Evidence suggests that Chacchoben was a settlement as far back as 1000 BC although it is believed that the site was abandoned and reoccupied a number of times and it is known that most of the structures at the site were modified or restored a number of times most notably from 300 – 360 AD although the buildings in the main groups which can be seen today date from 700 AD.
Following the collapse of the Maya civilization, Chacchoben, like many other sites in the region, was still used as a ceremonial centre and Archaeological evidence suggests that a number of rituals took place at the abandoned temples.
During the Caste War of Yucatán (1847–1901) the site was abandoned when many of the Maya moved away due to the conflict and the atrocities that were being committed, it was then that Chacchoben was claimed by the jungle. 
It was to remain lost until 1942 when the land around it became the home of a local farmer and the ruins were once again discovered.  Exploration of the site started in 1972 when the site was mapped and registered with the Mexican government.

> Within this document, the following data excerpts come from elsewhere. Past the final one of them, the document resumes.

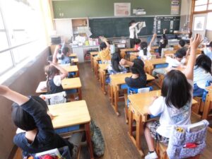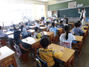 3個、4個、5個、6個、7個・・・と自分が思う数に手を挙げて、実際にむいて数を数えました。
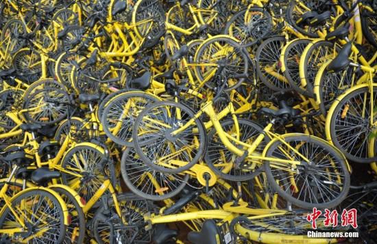 资料图:成都一停车场内堆放了不少共享单车,大多数车锁已被拆除,这些单车系临时回收、维修中转车辆。中新社记者 刘忠俊摄
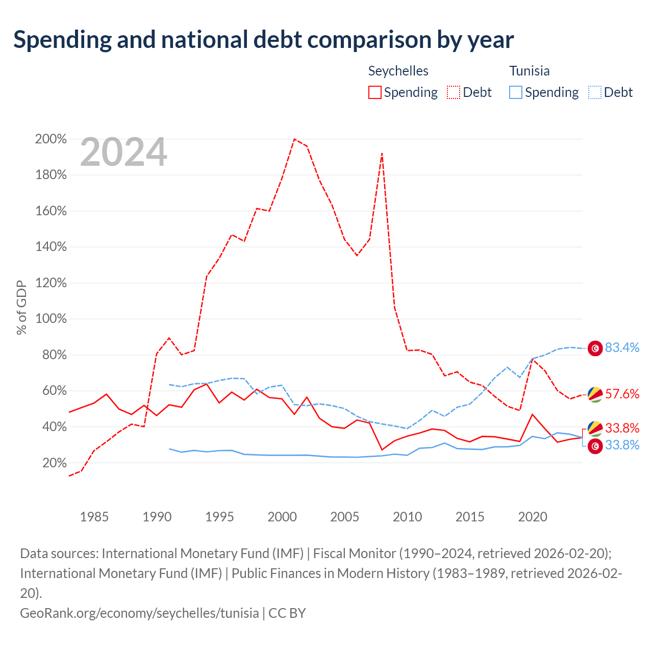 The Seychelles has $1.25B in government debt (57.6% of GDP), compared to $42.8B (83.4% of GDP) in Tunisia.
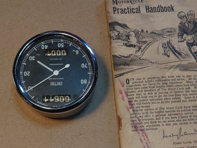 ebayで購入のクロノのスピードメータが到着しました。緩衝材なのか?おまけなのか?1959年出版の”motorcycle practical handbook”という小冊子が入ってました(笑)。オドメータのリセットノブが無いです。時計回り、照明は6Vの電球が入っていました。これはLEDに交換します
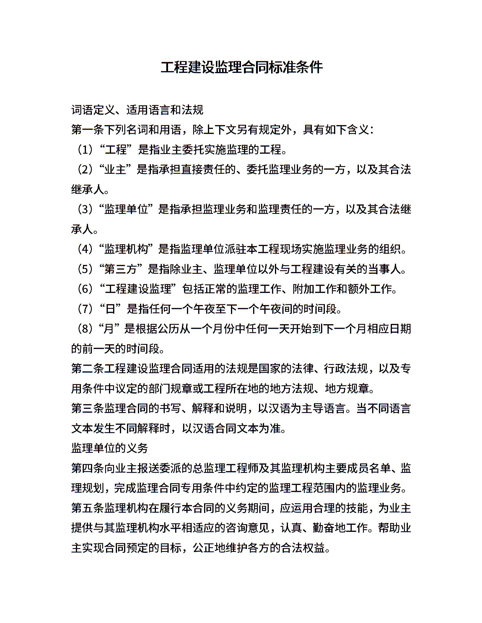 工程建设监理合同标准条件
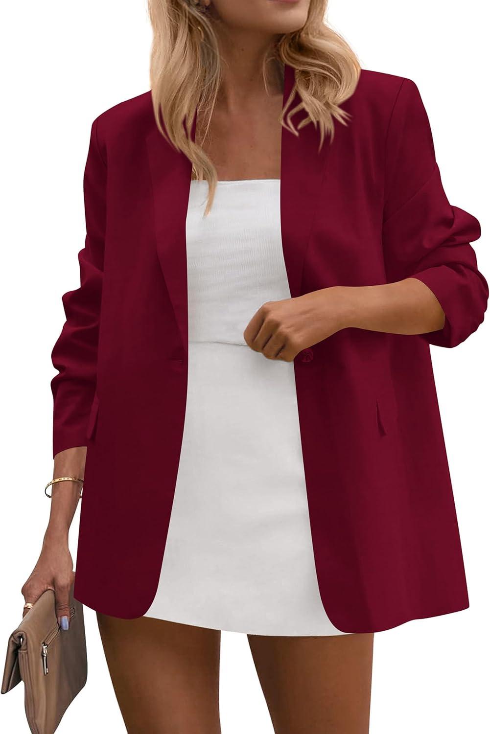PRETTYGARDEN Blazers for Women Business Casual Outfits 2025 Fall Open Front Long Sleeve Suit Jackets Office Work Clothes(Wine Red)
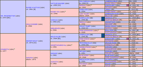 • (HL) – Mr. PROSPECTOR – NATIVE DANCER • (ML) – SECRETARIAT – PHALARIS / NASRULLAH • Alcance Estamínico: 1 600 m, pista de areia. • Configuração Genética Básica: • a – Por Linhagem de Referência: NATIVE DANCER com PHALARIS; • b – Por “Bloodline”: Mr. PROSPECTOR com NASRULLAH. • Duplicações: 5 X 5 DISCOVERY – FAIR PLAY; 4 X 4 NASRULLAH – PHALARIS. • Família Materna: 25. • Matrizes servidas em 2009: 39 • Reprodutor sediado no Haras San Francesco, São Paulo.
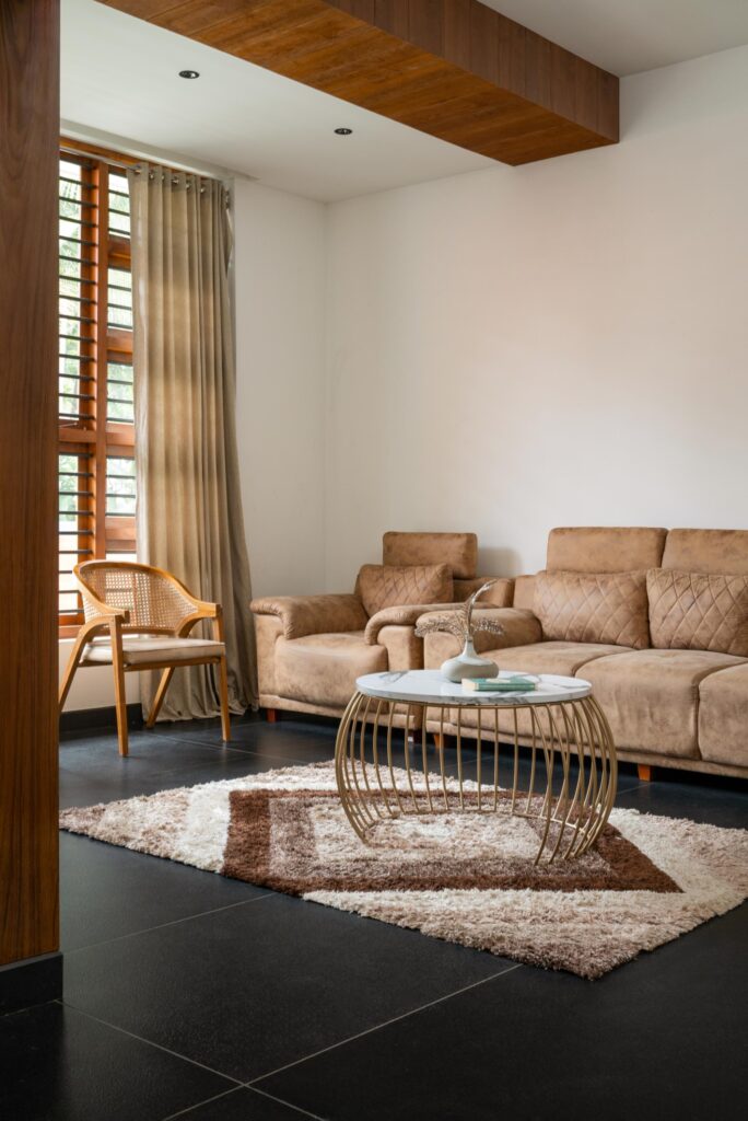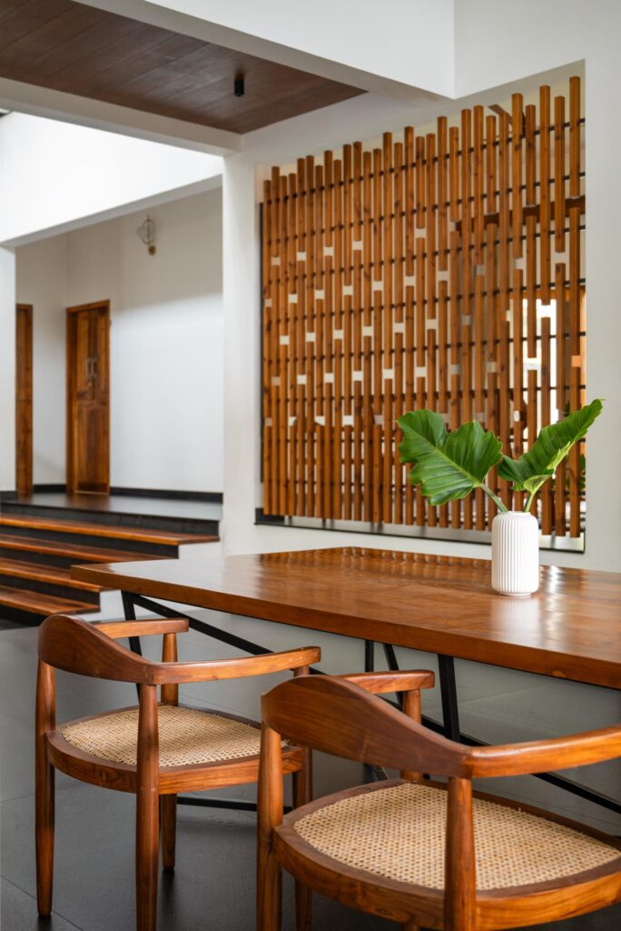 Stone, in particular, shaped the narrative, according to Team Uru. Carefully selected natural stones form the flooring, while laterite stone and granite rock ground the architecture in Kerala’s geological identity. Wooden embellishments carve warmth into the mass, softening edges and reinforcing a rustic character.
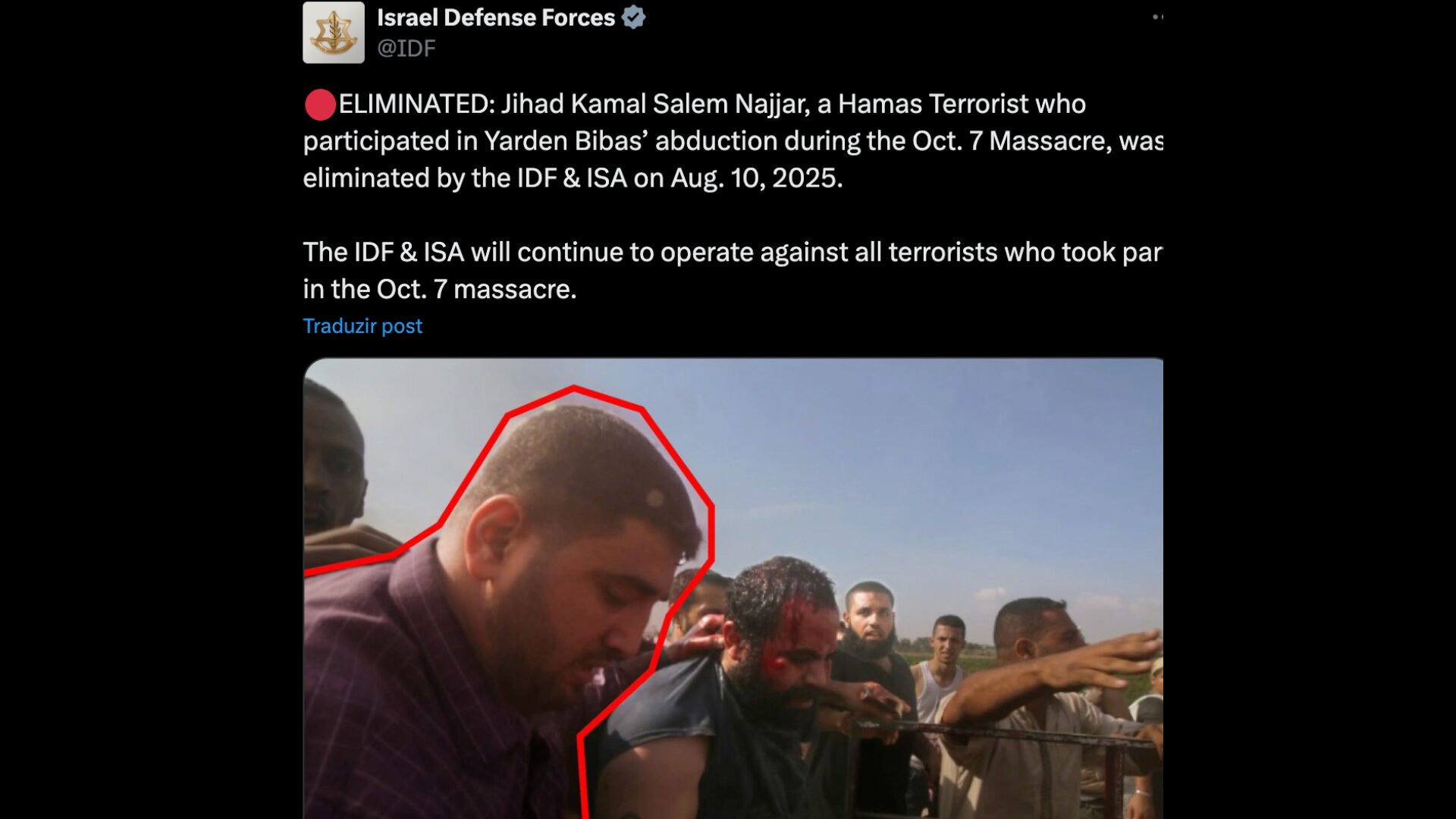 “Uma Pequena parte do FECHENTO ACONTECEU HOJE. Obrigado às fdi, Ao Shin Bet ea Todos que participam da eliminação de um dos terroristas que me sequestraram em 7 Destubro.
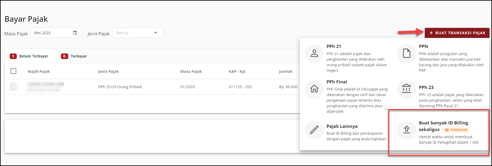 - Pilih masa pajak yang ingin dibuat, lalu klik “+ Buat Transaksi Pajak”,
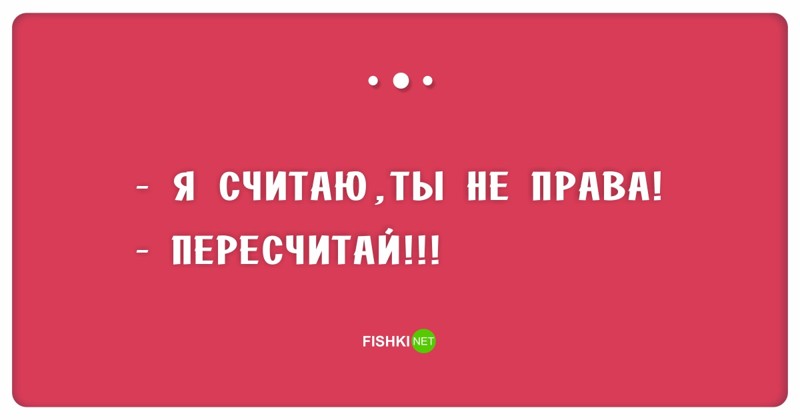 — А ты обещаешь, что не будешь ругаться? — Обещаю! — Ну ладно — семь. — В смысле, я — седьмой? — Не... Ты — четвертый. |
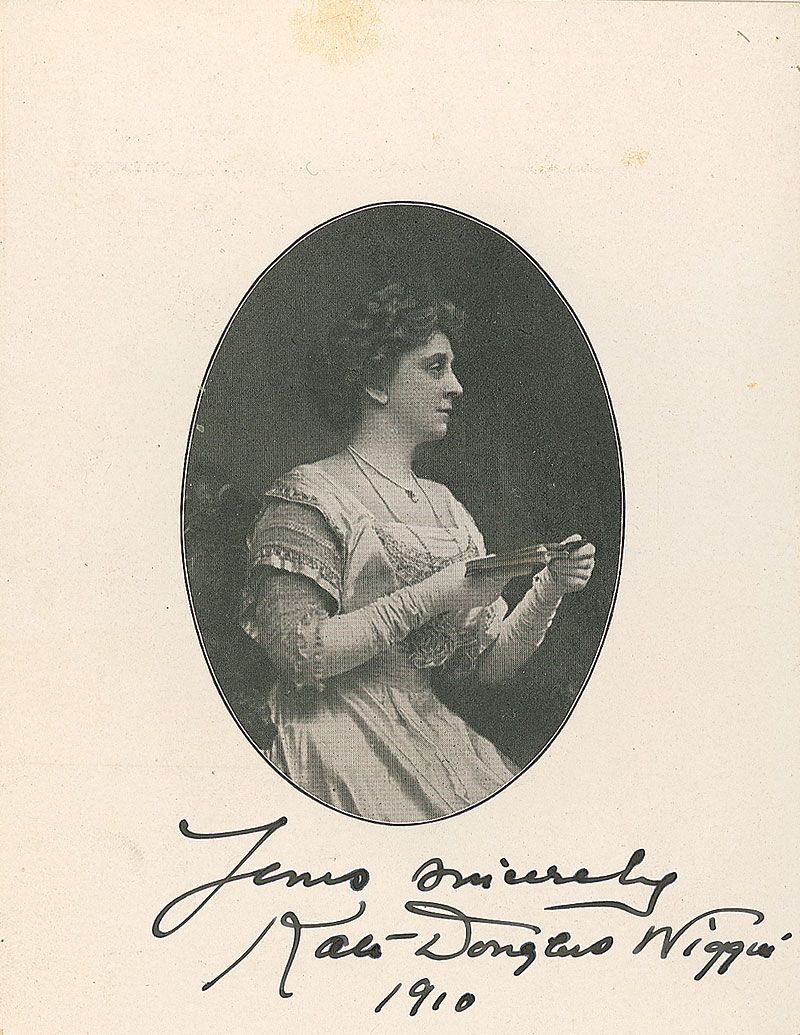 American author (1856–1923) best known for the juvenile classic Rebecca of Sunnybrook Farm. Vintage 4 x 5.25 photo, featuring an oval image of Wiggin, signed in the lower border in black ink, “Yours sincerely, Kate Douglas Wiggin.” In fine condition, with a bit of scattered light toning to borders.
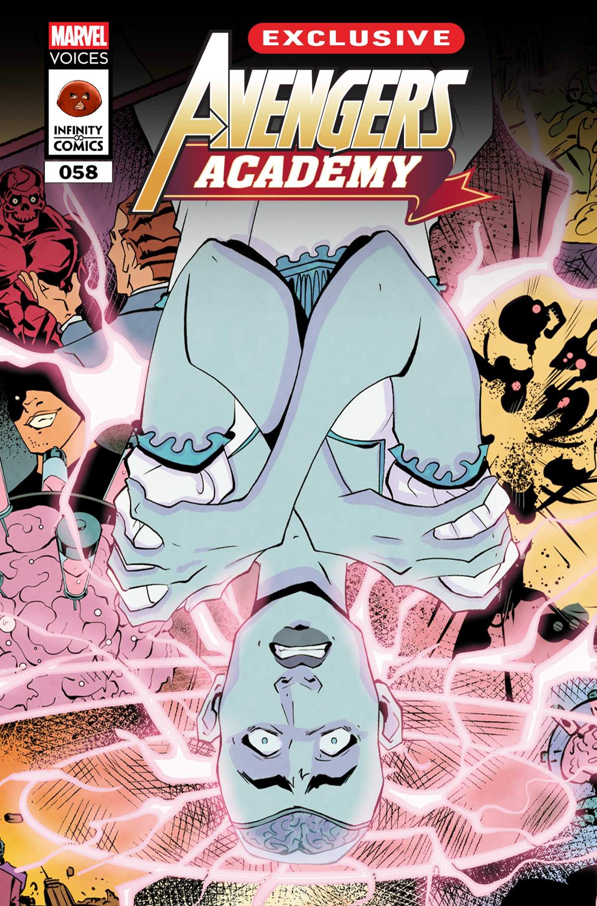 The Avengers Academy celebrates the start of fall term with an OPEN HOUSE GARDEN PARTY for friends and family. But when Escapade's guest, CEREBELLA, starts absorbing the thoughts of everyone around her, will buried secrets come to light?
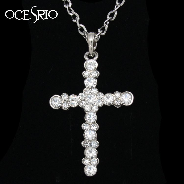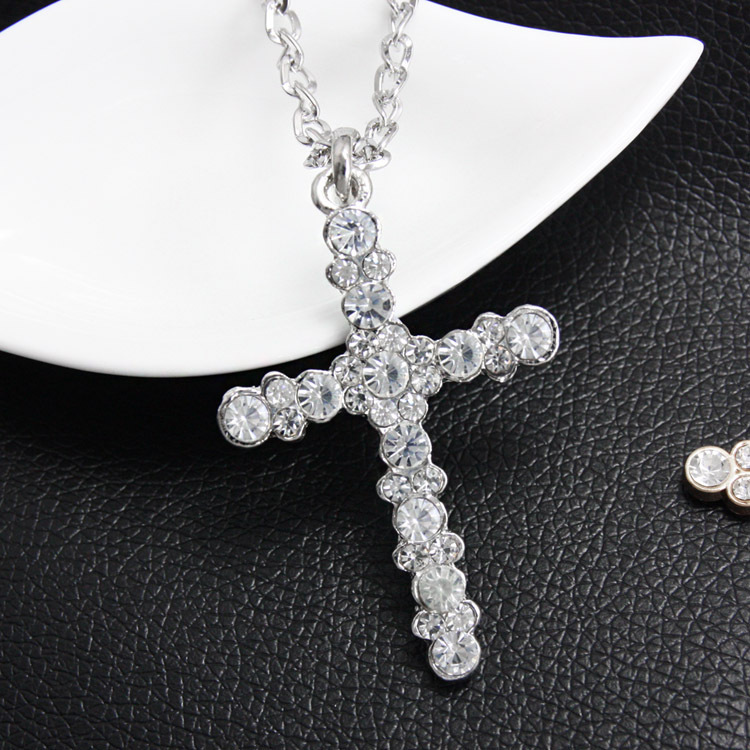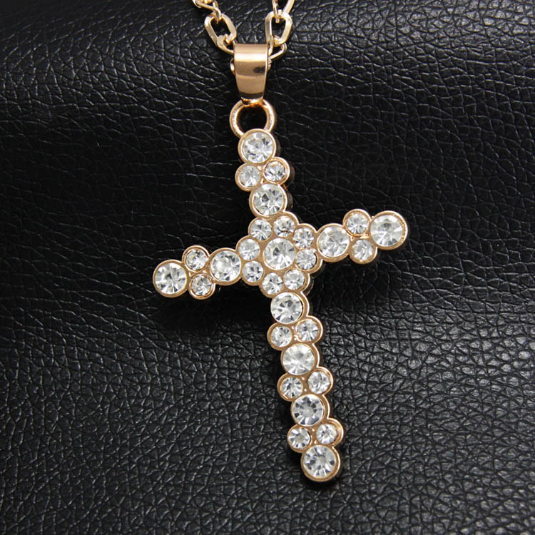 European and American hip-hop jewelry women's hip-hop diamond cross pendant necklace clavicle chain jewelry wholesale nkm78
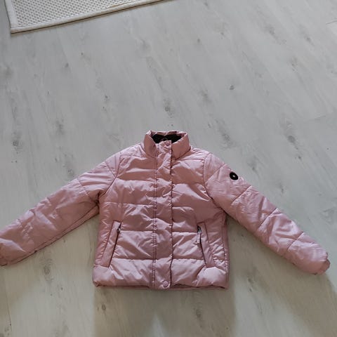 Myydään harmaa, kuviollinen kevyttoppatakki. Irrotettavassa hupussa on irrotettava karvareunus.
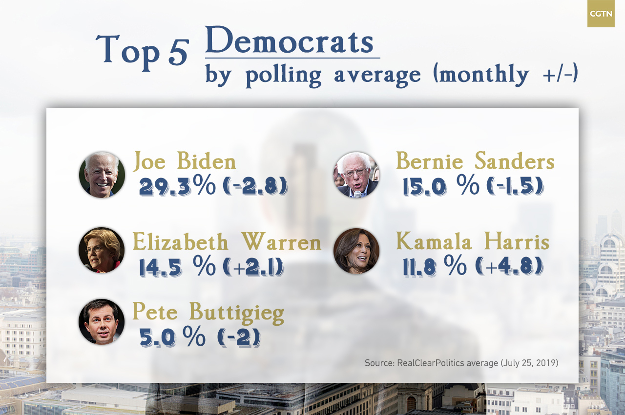 Top of the average polling table is former vice president Joe Biden, who has rebounded after a tough encounter with California Senator Kamala Harris in the first debates. The 76-year-old had a flat first outing, and despite his poll lead will be under pressure to show he is capable of standing toe-to-toe with his rivals in the spotlight.

Restoration of Chacchoben was started in 1994 under the National Institute of Anthropology and History and the site was opened to the public in October 2002.
The first main structure on entry to the site is Temple 24 found in Plaza B, this structure is impressive with its multi-levels and stairway on each side. From there it is a short walk past the Gran Plaza to the most impressive and tallest temple known as Temple 1 which is located in the Gran Basamento. This is accessed via a small plaza which contains a broken stele and a staircase leading up from it. At the top of the stairs is another pyramid temple across from which is Temple 1.
A short walk from there is the Plaza Las Vias with its residential and administrative low-rise buildings.
Scattered across the site are the remains of buildings still to be excavated and are noticeable as tree-covered mounds.
Although the surrounding area has been cleared for farming Chacchoben itself has retained many of its trees including large mahogany trees and cohune palms, strangler figs, and banyan trees which are scattered across the site providing it with a relaxing atmosphere.